== Data segment ==

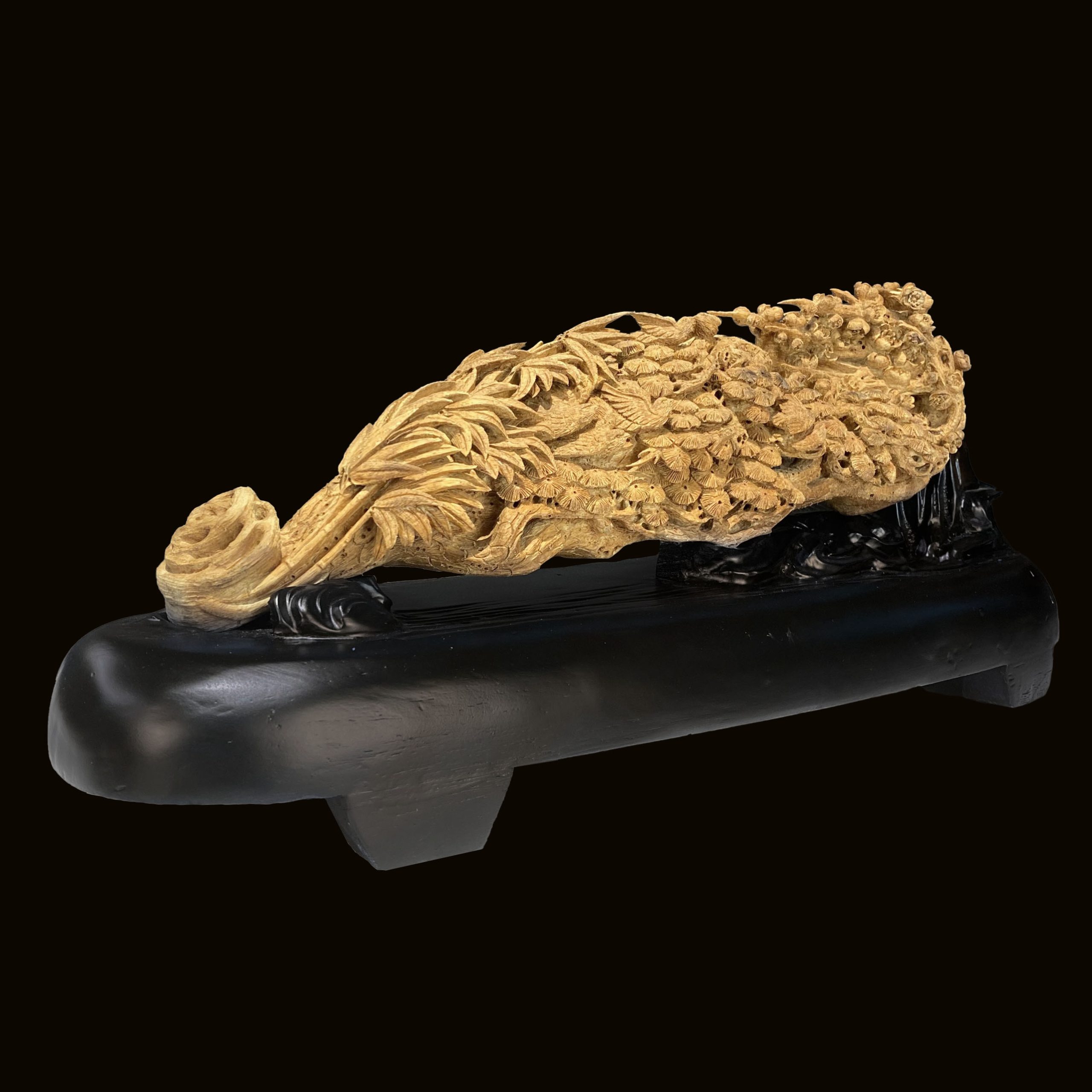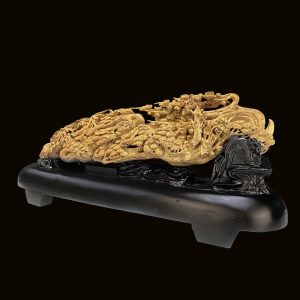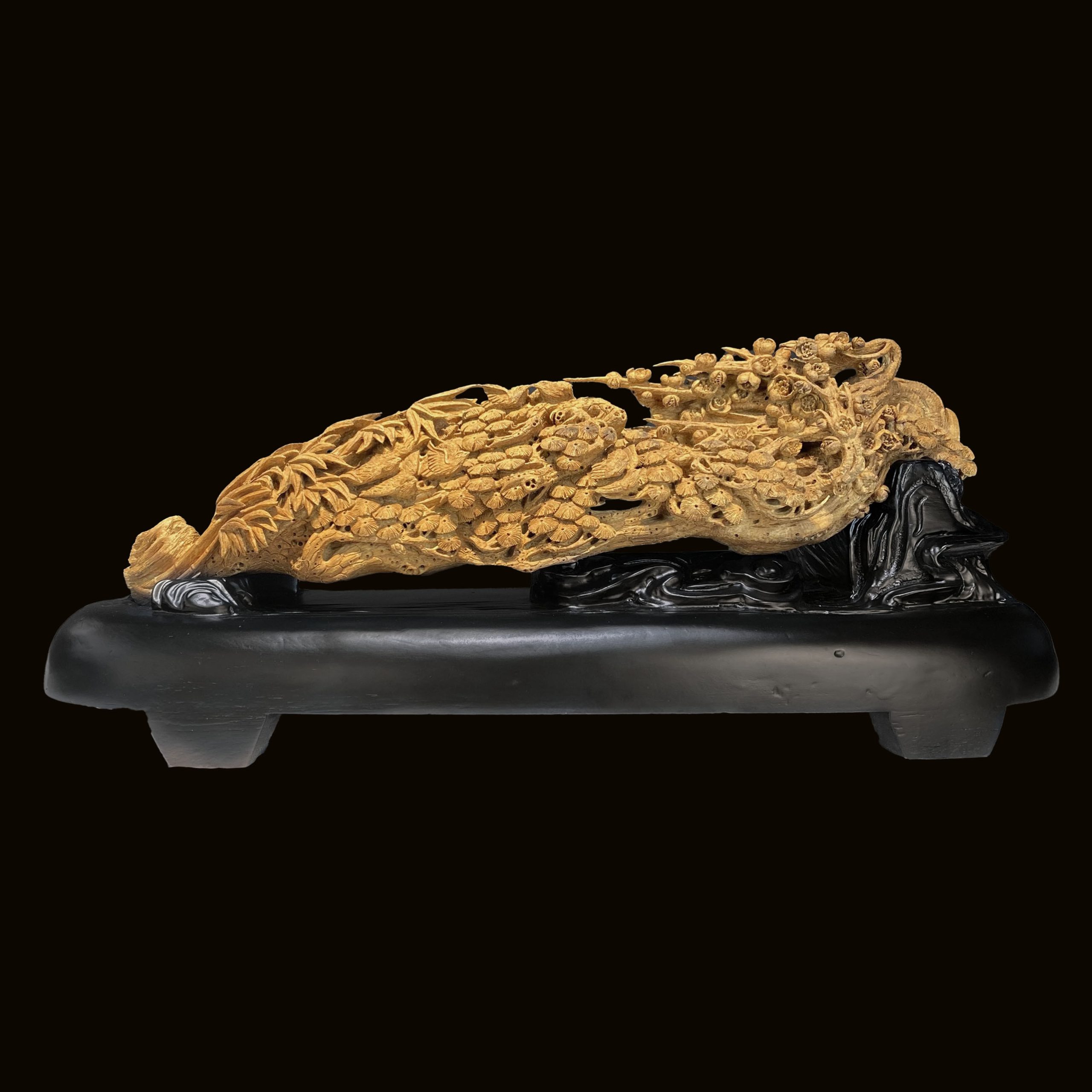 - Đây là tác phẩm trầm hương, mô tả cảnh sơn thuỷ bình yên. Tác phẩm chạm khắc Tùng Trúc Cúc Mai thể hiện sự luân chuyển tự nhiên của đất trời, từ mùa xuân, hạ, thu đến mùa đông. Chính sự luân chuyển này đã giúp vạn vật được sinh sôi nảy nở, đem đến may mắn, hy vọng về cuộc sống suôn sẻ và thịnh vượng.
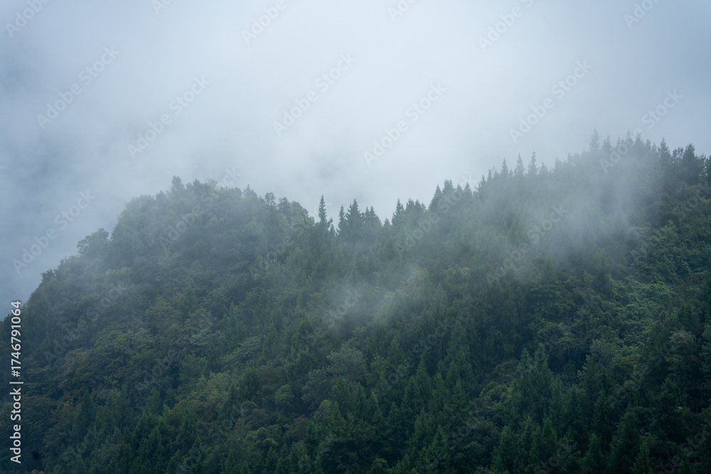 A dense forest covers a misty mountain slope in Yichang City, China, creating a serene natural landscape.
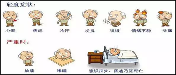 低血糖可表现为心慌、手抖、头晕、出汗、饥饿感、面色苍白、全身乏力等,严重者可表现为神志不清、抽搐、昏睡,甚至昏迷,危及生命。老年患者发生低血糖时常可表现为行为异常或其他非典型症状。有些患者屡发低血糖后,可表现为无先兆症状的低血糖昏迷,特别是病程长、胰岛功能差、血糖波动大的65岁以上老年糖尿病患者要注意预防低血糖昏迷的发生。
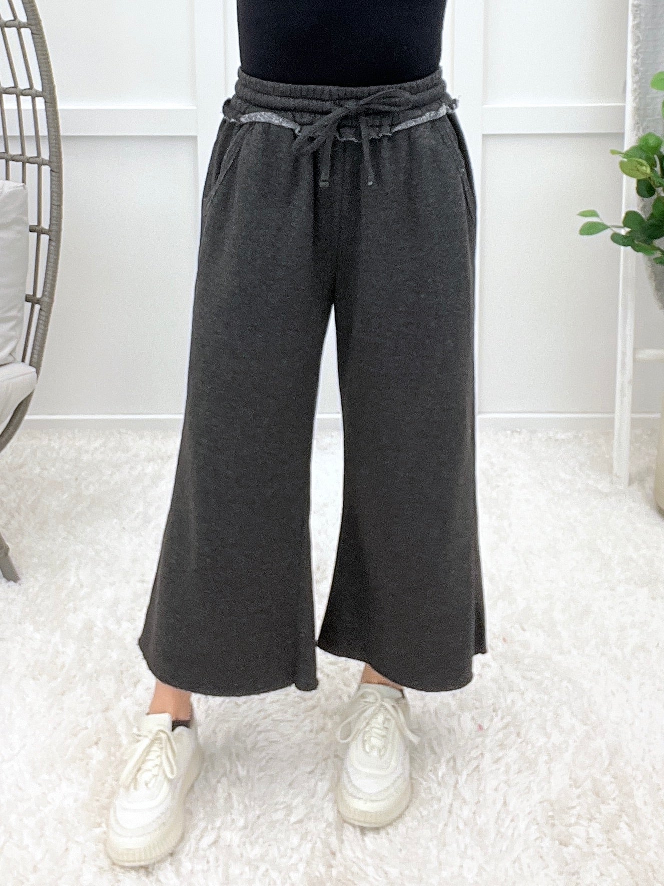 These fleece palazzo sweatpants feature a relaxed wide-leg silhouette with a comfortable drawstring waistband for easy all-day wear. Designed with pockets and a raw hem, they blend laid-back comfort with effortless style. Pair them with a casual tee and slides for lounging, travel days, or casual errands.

===

Write out exactly the lines beginning with the line that holds "A dense forest" and ending with the final line of the data, both ends included, without the pictures.

 A dense forest covers a misty mountain slope in Yichang City, China, creating a serene natural landscape.
 低血糖可表现为心慌、手抖、头晕、出汗、饥饿感、面色苍白、全身乏力等,严重者可表现为神志不清、抽搐、昏睡,甚至昏迷,危及生命。老年患者发生低血糖时常可表现为行为异常或其他非典型症状。有些患者屡发低血糖后,可表现为无先兆症状的低血糖昏迷,特别是病程长、胰岛功能差、血糖波动大的65岁以上老年糖尿病患者要注意预防低血糖昏迷的发生。
 These fleece palazzo sweatpants feature a relaxed wide-leg silhouette with a comfortable drawstring waistband for easy all-day wear. Designed with pockets and a raw hem, they blend laid-back comfort with effortless style. Pair them with a casual tee and slides for lounging, travel days, or casual errands.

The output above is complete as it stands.